Granted, this is by no means an exhaustive review of the available clinical support related to compression socks and their cycling benefits. However, it underscores WebMD’s statement that the evidence is limited, and that what positive evidence exists primarily points to improved muscle recovery for trained athletes (forget about weekend warriors) following running.
What’s the meaningful difference between these sports? In a nutshell, running is a weight-bearing, higher-impact activity because your legs continually strike the ground.
Comparatively, pedaling involves smooth, circular motions that don’t strain the leg muscles—or even the bones—as much. Therefore, cycling damages muscles less than running, and requires much less recovery afterward.
Pulling all of these details together, what’s your next step?
Bottom Line: Should You By a Pair of Compression Socks for Cycling?
Despite the lack of clinical support that compression socks can meaningfully benefit the average cyclist’s performance, as reported by sites like WebMD and the NIH’s PubMed, they remain extraordinarily popular. Why?
Reading online rider feedback, you’ll find many who’ve reported improved feel, support, and comfort while wearing compression socks and stockings, even if they’re willing to admit it’s a placebo effect.

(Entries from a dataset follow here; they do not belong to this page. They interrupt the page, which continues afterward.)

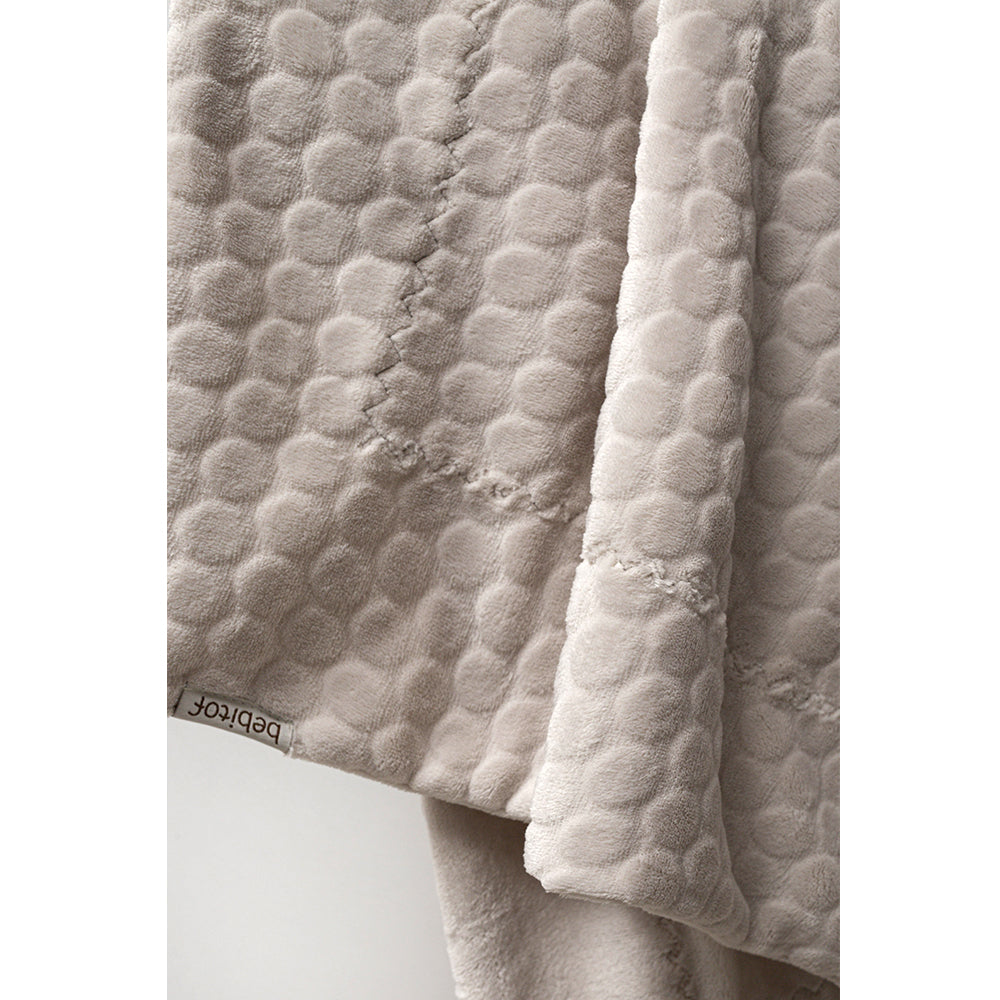 This baby blanket features a cozy knitted design lined with soft Welsoft fabric, combining warmth and comfort for your little one.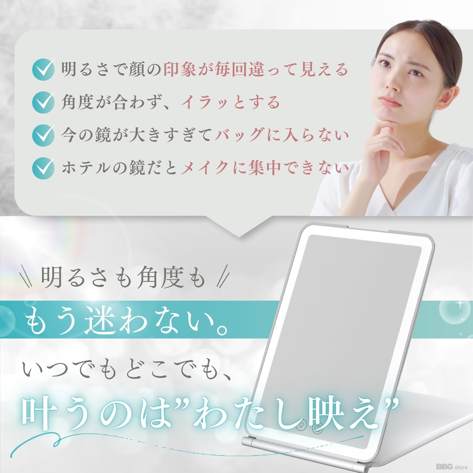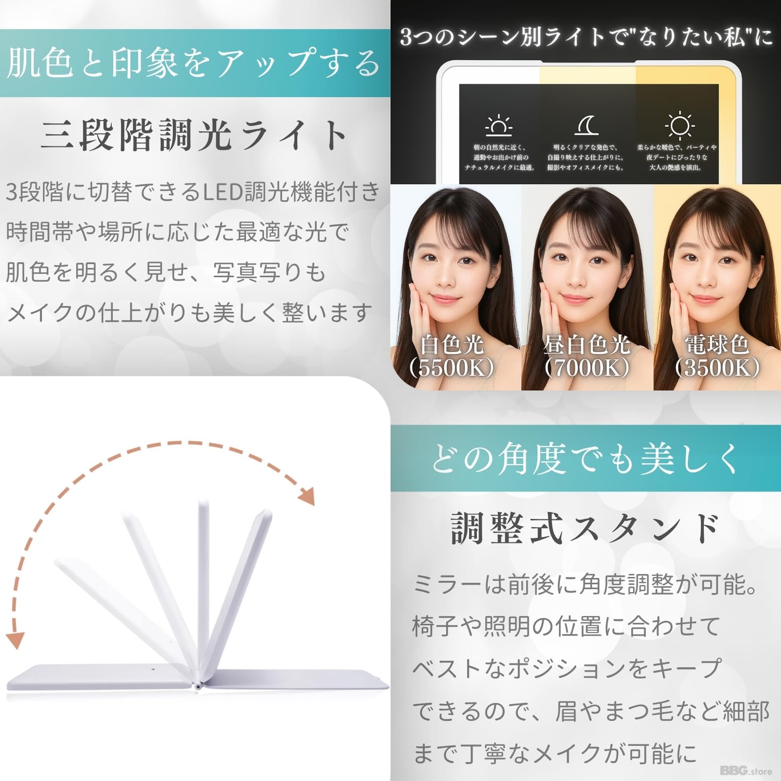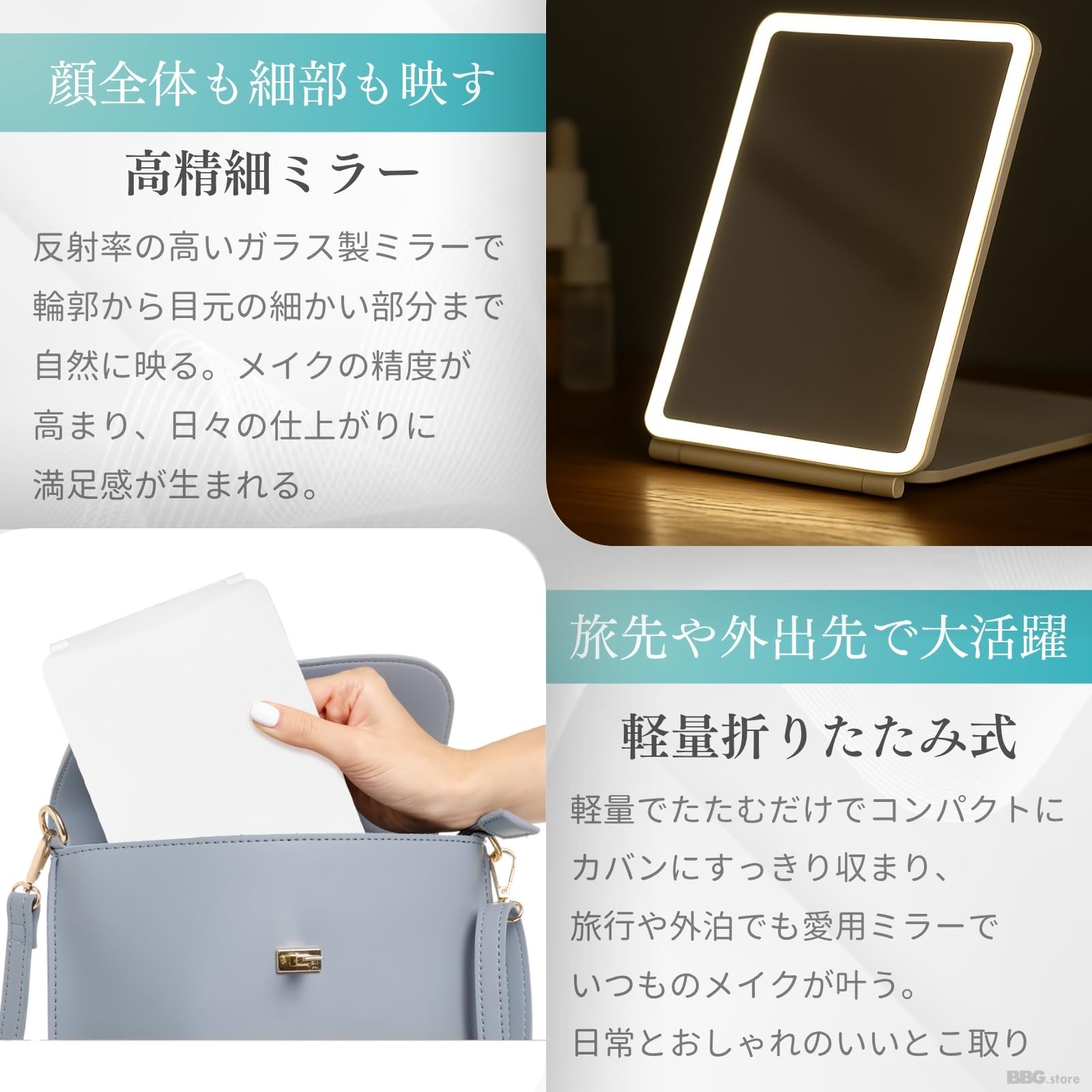 BBG.store 女優ミラー 卓上鏡 LEDライト付き 化粧鏡 折りたたみ式 軽量 メイク用 旅行用 コンパクト 自立式 小型鏡 明るさ調整 スタンドミラー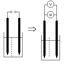 Die Graphitelektroden werden in die Kalilauge getaucht und an den Gleichspannungstrafo angeschlossen. Ein Separator verhindert, dass sich die Elektroden berühren. Für die kurzzeitige (1-2 min) Elektrolyse wird die Spannung so weit erhöht, dass an den Elektroden eine geringe Gasentwicklung erfolgt. Hierbei beladen sich die Graphitstäbe in ihrem feinporigen Gefüge mit den entsprechenden Gasen. Nach der Elektrolyse wird die Spannungsquelle durch ein Voltmeter und einen Mikromotor ersetzt.
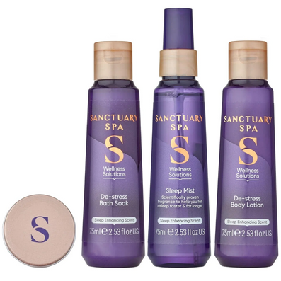 - 1 x Sanctuary Spa Wellness Solutions De-Stress Body Lotion (75ml) - a lightweight, nourishing lotion that hydrates the skin, leaving it soft, smooth, and supple. Cruelty-free & vegan-friendly.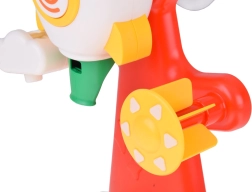 Rotaļlietu ir viegli piestiprināt ar spēcīgiem piesūcekņiem pie gludas virsmas. Bērni attīsta sīko motoriku, roku‑acu koordināciju un sensorās prasmes, lejojot, šļakstinot un vērojot plūstošu ūdeni. Slēgtā cirkulācija taupa ūdeni un atvieglo lietošanu bez pastāvīgas pieliešanas.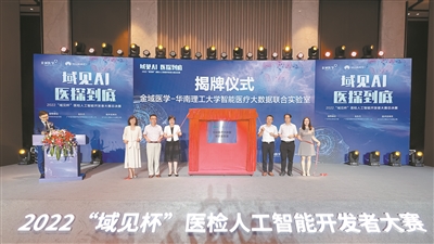 总决赛现场,金域医学与华南理工大学合作建设的智能医疗大数据联合实验室宣布挂牌成立,双方将通过产学研合作,实现基础共建、协作创新和产业引领,助力广州乃至广东打造医检人工智能产业发展高地。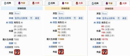 无论是伤害还是生命值,鹿角怪都有着明显不属于这个时期的强大实力。并且鹿角怪拥有一个玩家远离一段距离后进入无敌的无赖机制,导致我们几乎很难将其风筝死。对于第一次接触这个Boss的冒险者来说,致命的暗影手以及伤害高弹幕密集的雪球攻击都是非常致命的。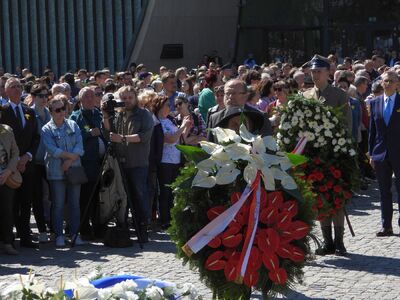 Następnie delegacje złożyły wieńce przed pomnikiem Bohaterów Getta. Dyrektor Adam Siwek oddał hołd bohaterom powstania, składając wiązankę w imieniu Instytutu Pamięci Narodowej. Na zakończenie uroczystości Chór Dziecięcy Miasta Łodzi wykonał utwór „Warszawo ma”.
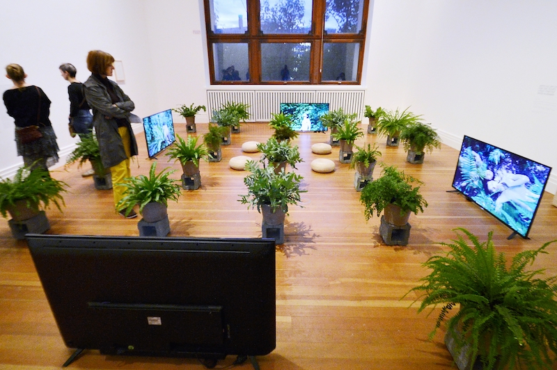 Además de posiciones políticas deliberadas, la exhibición presenta obras que también dan vida a las dimensiones sensuales de los jardines: las instalaciones inmersivas y las obras de vídeo reflejan una abundancia intensa de la naturaleza, pero también la fragilidad del estado paradisíaco.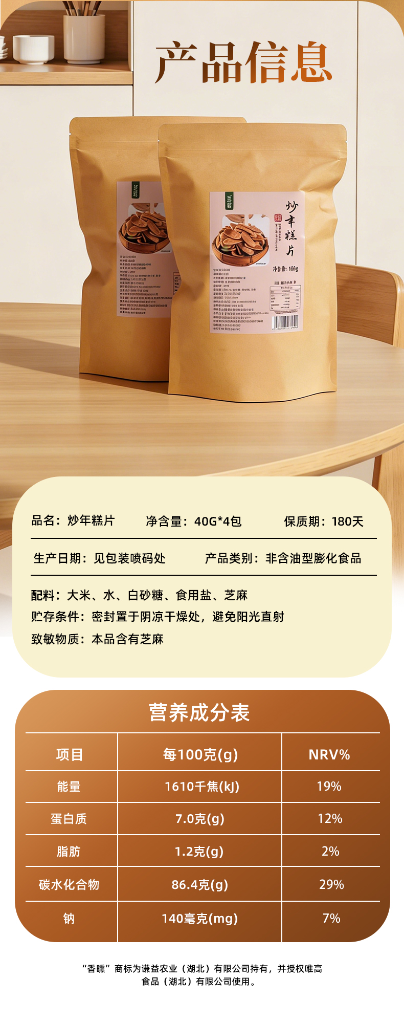 谦益香脆年糕片168g 石板大米年糕 明火炒制 0添加 非遗工艺 香脆可口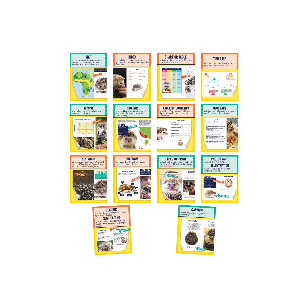 Enhance learning with a curriculum-rich visual reference. Featuring 14 mini posters (8.5" x 11"), the Nonfiction Text Features Mini Poster Set identifies the most common text features of nonfiction writing. This excellent curriculum resource makes it easy for students to distinguish between various nonfiction text features such as Caption, Glossary, Index, and more.Create a positive classroom environment with attractive and eye-catching mini poster sets. Use the versatile posters together to create large displays or separately to create several small displays. Our captivating posters will brighten any classroom with lively colors and trending patterns. Look for coordinating products to accent your displays and create a cohesive classroom theme.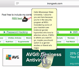 The April Fools joke was funny. Had it been done by someone with no reputation of being an misogynist in the first place, I don't think it would have caused the drama it did. Unfortunately irongeek did and does have that reputation for many offensive things he has said to and about women in many formats over many years. The April fools joke was kind of poking fun of that, that is where is crossed the line and people, and from what I remember (I could be wrong memory is funny that way) mostly women, got pissed. That context is missing in your post and I think it is important. The pop up that caused it this time around also included horrible misogynist language, for no good reason even. If he gave a screw you and your college message I don't like this one teacher it would have been different I think. People would have still gave him crap for blocking students who don't even know about this drama but that would have been about it. The unfortunate fact is the guys attitude and language about and to women has been and continues to be inappropriate. He doesn't see that and doesn't change because his good works have gotten him a ton of friends who defend him as a good guy and never call him out instead hide behind it is his site and censorship and we don't always have to be PC all the time arguments.Therefore this was going to blow up again and again and again. Dealing with it three blow ups from how would have been worse for B-Sides LSV than doing it now and what they did makes sense to me. The only think I wish they would have done is wait until after DerbyCon. I predict DerbyCon is going to be a Bro's anti-PC which is code for being jerks conference now which is unfortunate, but we will see, maybe they will take a deep breath and move on instead.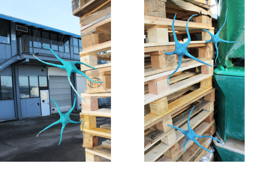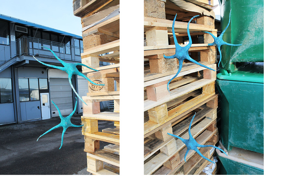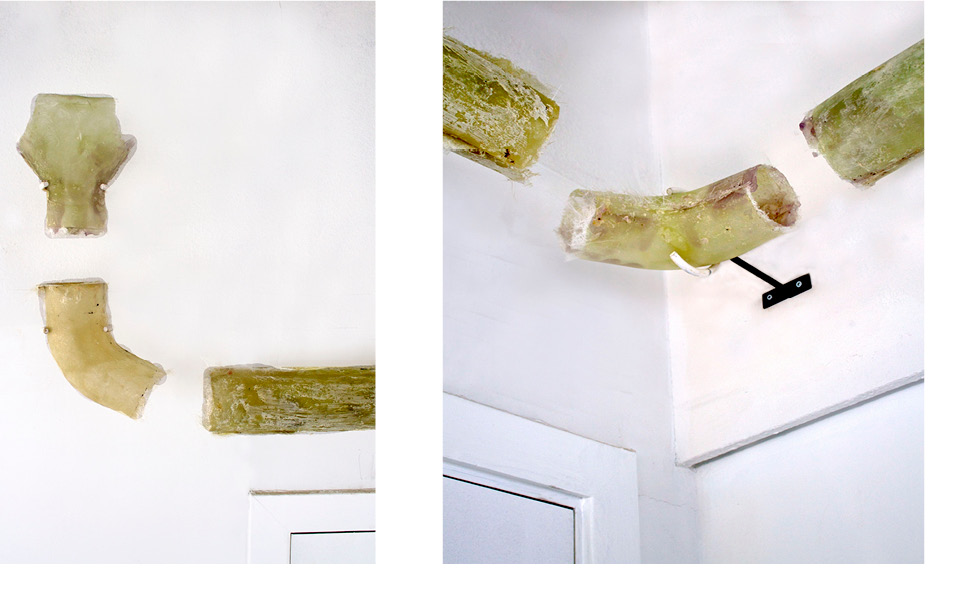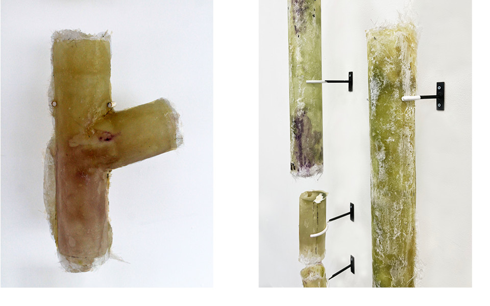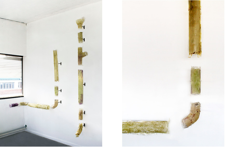 SLIPSTREAM (2022), polyester & fiberglass casts of my childhood home’s drainpipes, welded iron rods & plastidip, variable dimensions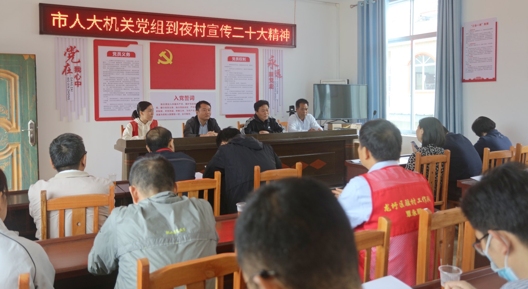 在夜村村委会会议室,阳永煊向夜村党员、群众宣讲党的二十大精神。宣讲会要求,我们要坚定不移地学习贯彻党的二十大精神,领会落实全过程人民民主、法治体系建设等要求,特别关注全面乡村振兴的要求,把握农业要高质高效、农村要宜居宜业、农民要富裕富足三大核心,切实推进乡村建设;要坚持不懈地推动巩固脱贫攻坚成果同乡村振兴有效衔接,付出更实更有效的努力,不断提升农村的基础设施建设、生态环境建设及产业建设,以问题为导向找条件破瓶颈,切实推动工作见成效;要千方百计地把“五个一”主题活动做实做出成效,引导群众积极参与乡村振兴、乡村治理、精神文明建设等工作,走访要入脑入心,听民声聚民智解民忧,及时记录好建议、好办法,把人大工作做到基层,把工作抓细抓实,持之以恒把乡村建设好。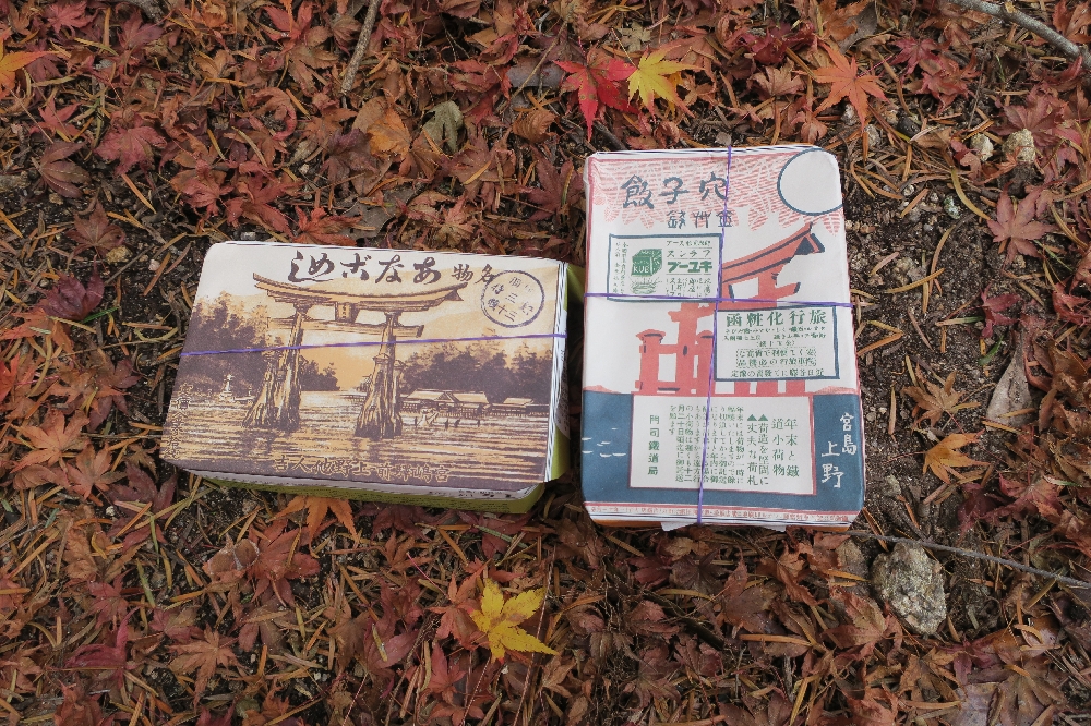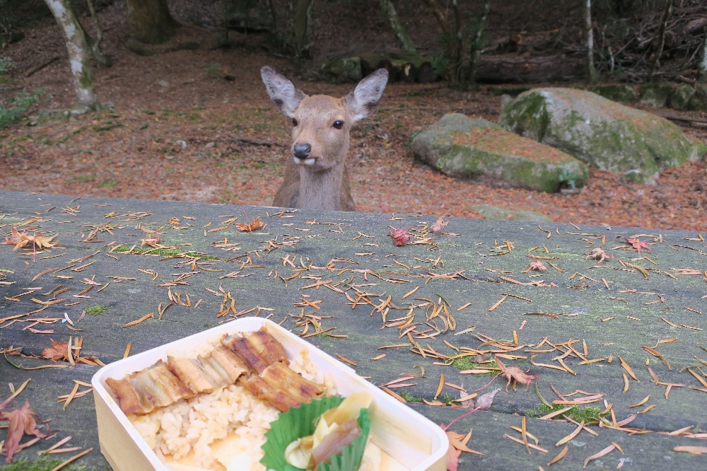 紅葉シーズンに宮島に渡って食べようとお弁当を予約しました。前々日くらいに電話したら、希望の時間は一杯だけど、少し待ってもらえれば渡せるとのことで、予約完了。当日は店内食を予約する人とお弁当を買う人が同じ列で20人以上は並んでいましたが、予約してある旨を伝えると、列とは関係なくすぐに渡してもらえました。温かい穴子丼もいいけれど、実は作ってしばらく経ったお弁当のほうが、穴子の汁がご飯に沁みて美味しいとは、店のHPの受け売りです。確かに昔ながらの経木の折りに入った穴子弁当を鹿にのぞかれながら食べた味は忘れられない思い出になりました。

Cycling is just as much mental as it is physical, though, so it seems reasonable that making your body more comfortable could potentially improve your overall cycling performance—not to mention the pure enjoyment of being on a bike.
Given all of these details, compression socks, stockings, and sleeves might represent a solid value—as long as you maintain realistic expectations and understand that you’ll likely only improve your comfort.
Also, keep in mind that whichever brand, height, style, or compression level you choose, your compression stockings will eventually lose their elasticity and will have to be replaced.